Feature | Lights, Camera, Action! – Ejecta (DVD Movie Review)

By Freda Cooper 19.01.2015

Image for Feature | Lights, Camera, Action! – Ejecta (DVD Movie Review)

Ejecta (UK Rating: 15)

For the uninitiated, ejecta is matter thrown out of a crater by an erupting volcano or during a meteorite impact. So far, so straightforward - except, as far as Ejecta the movie is concerned, it also has something to do with aliens invading earth. How? That's just one of a whole ejecta of questions left unanswered. With the movie out on DVD today - 19th January, 2015 - Lights, Camera, Action! uncovers the truth behind whether this is a must-watch or not.

UFO enthusiast Joe (Adam Seybold) pulls off a coup when a reclusive blogger replies to a speculative email and agrees to meet him. He arrives at Will's (Julian Ritchings) house, armed with his video camera to film the whole experience, but bigger things are happening - a solar ejecta, which results in an alien craft crash-landing nearby. Will is convinced the aliens invaded his mind some years before and is desperate to re-establish contact. However, the aliens are aggressive and a group of soldiers is taking a dangerous interest as well.

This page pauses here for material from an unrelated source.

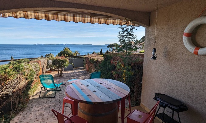 Charming T2 renovated, 400 meters from the beach. panoramic sea view facing the islands of Port Cros and Levant with private garden in a quiet, secure residence with swimming pool.

Image for Feature | Lights, Camera, Action! – Ejecta (DVD Movie Review)

In all honesty, the storyline isn't quite as linear as that. It jumps backwards and forwards, starting with the amateur documentary style, supposedly shot on Will's camera, then forwards to Will being interrogated by the military, then back to the documentary, and so on. It takes a bit of getting used to, and when the story threatens to move in a straighter line, it comes as something of a relief. This is short-lived, though.

The film has clearly been made on a shoestring. That doesn't have to be a disadvantage, but in this case it most certainly is because the effects are decidedly not special - the noises the alien makes in the dark are a cross between a grotesquely rumbling stomach and the dinosaurs from Jurassic Park - and, to keep expenditure down even further, there are moments of complete darkness on the screen. The alien is never seen in close-up and, when the audience gets a glimpse, it looks remarkably humanoid - hardly creative or imaginative.


 
The handheld documentary style has been more than over-used since the days of The Blair Witch Project but, in fairness, it's one of the few things in the film that looks convincingly authentic. Julian Ritchings is the only member of the cast who brings any conviction to his role, making the most of his gaunt features to create a generally haunted demeanour.

2/10
Rated 2 out of 10

Very Bad

Ejecta claims to answer the question of whether or not there are other life forms in the universe. It doesn't. Instead it asks even more questions and leaves most of them open ended, including the one about why the film was made in the first place. At one point in his torture, Will pleads with the military doctor to "make it stop." The audience is with him.